For discount rate, we expand on previous work²⁰ and quantify the uncertainty surrounding the projected rates using the observed record and time-series models. The observed historical discount rates are highly stochastic (Fig. 2b). To account for deep model structural uncertainty, we follow previous work²⁰ and consider three autoregressive models, fitted to the logarithms of the discount rates, as there is no historical evidence of negative discount rates in the U.S. reflecting deep model structural uncertainty. Following ref. ²⁰, the first model is a random walk and the second model is mean-reverting. We additionally consider a model with a background linear trend (on the log-scale). Accounting for this discount rate uncertainty results in a higher discount factor^20,54 F_t and increases the net present value of projected benefits and costs (Fig. 2a). This is an essential feature of stochastic discount rate models compared to using a single expected rate²⁰.

We estimate uncertain discount rate dynamics using an extension of the data from ref. ²⁰. As in that paper, we obtained estimates of expected inflation from a ten-year moving average of Livingston survey Consumer Price Index (CPI) forecasts⁵⁵. We subtract these estimates from annual nominal yields on 20-year Treasuries⁵⁶ to produce a series of historical discount rates. We follow ref. ²⁰ by then converting these rates to their continuously compounded equivalents, and using a three-year moving average to smooth short-term fluctuations. The resulting discount rate time series, denoted r_t, is shown in Fig. 2b.

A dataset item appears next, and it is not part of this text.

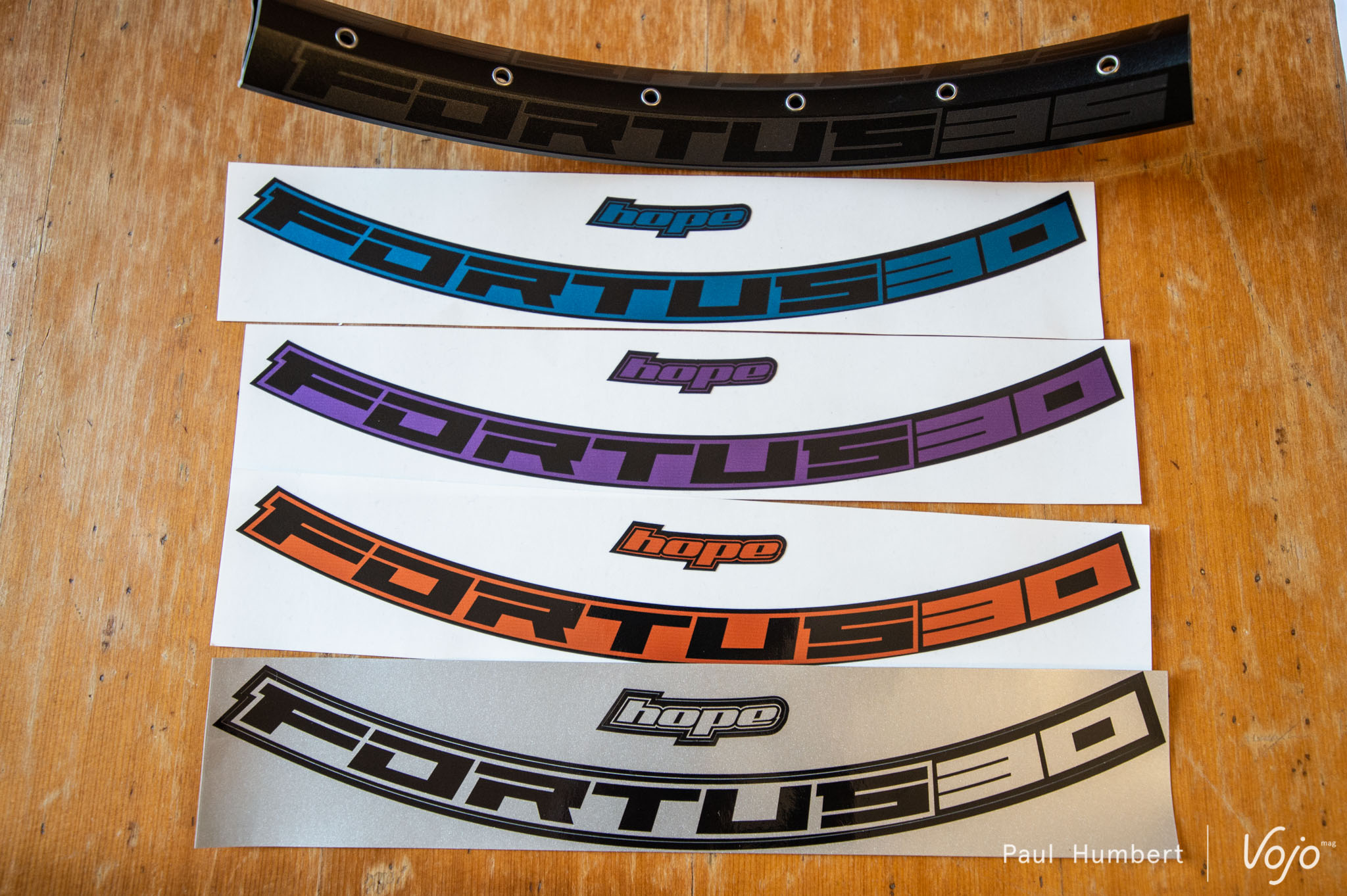 En 27,5, les Fortus sont disponibles en 23 (420g), 26 (545g), 30 (675g) et 35 (575g) mm. En 29 pouces, les largeurs et poids annoncés sont les suivants : 23 (450g), 26 (500g), 30 (720g) et 35 (610g) mm. Afin de s’adapter aux contraintes de chaque taille, le profil et la construction des jantes évoluent. On remarque notamment les renforts pour la jante de 30mm dédiée aux pratiques engagées. Sur toute la gamme, un tarif unique est pratiqué : 110€.
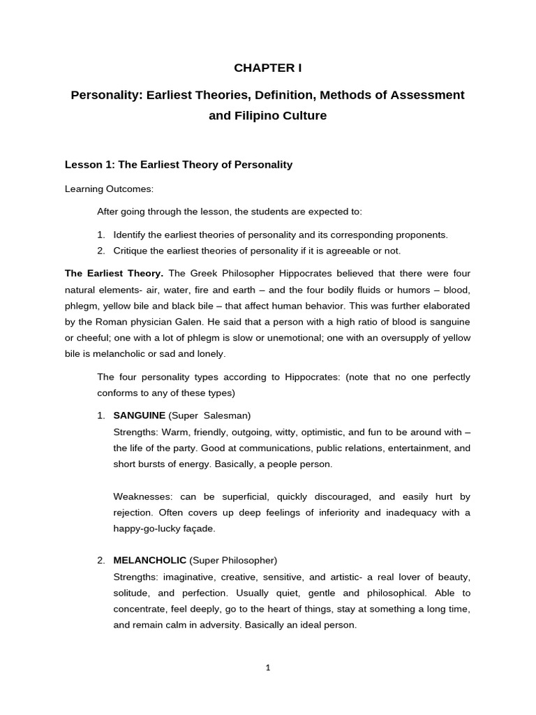 1. Identify the earliest theories of personality and its corresponding proponents.

Our discount rate models are autoregressive AR(3) time series models fit to this data, which maximizes the Akaike information criterion (AIC)⁵⁷. We use logarithms of the discount rates to ensure that the time series remains positive, due to the lack of evidence of negative rates in the U.S. Following ref. ²⁰, we consider three models, reflecting deep model structural uncertainty. With d_t = ln(r_t), The first model is a random walk,

$$d_{\mathrm{t}} = \rho _{{\mathrm{t}} - 1}d_{{\mathrm{t}} - 1} + \rho _{{\mathrm{t}} - 2}d_{{\mathrm{t}} - 2} + \rho _{{\mathrm{t}} - 3}d_{{\mathrm{t}} - 3} + \varepsilon ,{\Sigma} _{\mathrm{t}}\rho _{\mathrm{t}} = 1.$$

(2)

The second model is mean-reverting with constant mean,

$$d_{\mathrm{t}} = \eta + \rho _{{\mathrm{t}} - 1}(d_{{\mathrm{t}} - 1} - \eta ) + \rho _{{\mathrm{t}} - 2}(d_{{\mathrm{t}} - 2} - \eta ) + \rho _{{\mathrm{t}} - 3}(d_{{\mathrm{t}} - 3} - \eta ) + \varepsilon ,{\Sigma} _{\mathrm{t}}\rho _{\mathrm{t}} \,<\, 1.$$

(3)

The third model is a mean-reverting model with trend,

$$d_{\mathrm{t}} = \eta + \beta {{\mathrm{t}} + \rho _{\mathrm{t}} - 1}(d_{{\mathrm{t}} - 1} - (\eta + \beta ({\mathrm{t}} - 1))) + \rho _{{\mathrm{t}} - 2}(d_{{\mathrm{t}} - 2} - (\eta + \beta ({\mathrm{t}} - 2))) \\ + \rho _{{\mathrm{t}} - 3}(d_{{\mathrm{t}} - 3} - (\eta + \beta ({\mathrm{t}} - 3))) + \varepsilon ,\;{\Sigma} _{\mathrm{t}}\rho _{\mathrm{t}} \,<\, 1.$$

(4)

We show the estimated coefficients for all three models in Supplementary Table 3. The random walk and mean-reverting models have AIC values (Supplementary Table 4) which are statistically equivalent, as AIC differences less than two indicate similar levels of evidence for the compared models⁵⁸. The background trend model has stronger support based on AIC⁵⁸, but a similar Bayesian information criterion (BIC) value to the mean-reverting model with constant mean⁵⁹. As a result, we include all models in our analysis.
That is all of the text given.